Saturday, February 16, 2008

Working Together

02/14/08

Valentine’s Day emotes thoughts of love between two people. Indeed, it does for Mary and me. Layered over these endearments are the harsh realities of living together and working together in a foreign land. For us, living together part as gone rather well. Much like in Minnesota, we each have our domestic roles to fill. We have found continually being together without the release valve of separate friends and activities, manageable. The hard part is finding our occupational Peace Corps niches. The challenge is for each of us to develop a purposeful Peace Corps job where no specific job tasks exist.

In the U.S., both couples may work, but rarely do they work together in the same place on the same task.
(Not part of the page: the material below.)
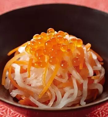 祝い肴三種(三つ肴、口取り)、三种前菜。包含黒豆、数の子、ごまめ(田作り),关西地区以黒豆、数の子、たたきごぼう为主。

The skills of successfully living together do not necessarily transfer to working together. We and two other Peace Corps couples grapple with this fact as we try to define and execute what we are to do in our villages. It is difficult enough to structure a meaningful job for one and may be insurmountable for two. Someone gets left out, standing in the heat.

My personality blends well with our ambiguous mission. I relish starting things from scratch, organizing, problem solving, and using my domineering style to get action from others. Mary is the consummate listener. She can calm the most troubled beast. Her skills require picking up the nuances of others and translating them back in a suggestive, supportive manner. This is very difficult when faced with linguistic and cultural obstacles.

We are still young lovers, impatient in the game of Peace Corps. Like most young lovers, idealistic; but as a couple of oldies, knowledgeable that living and working together takes more than Cupid’s arrows.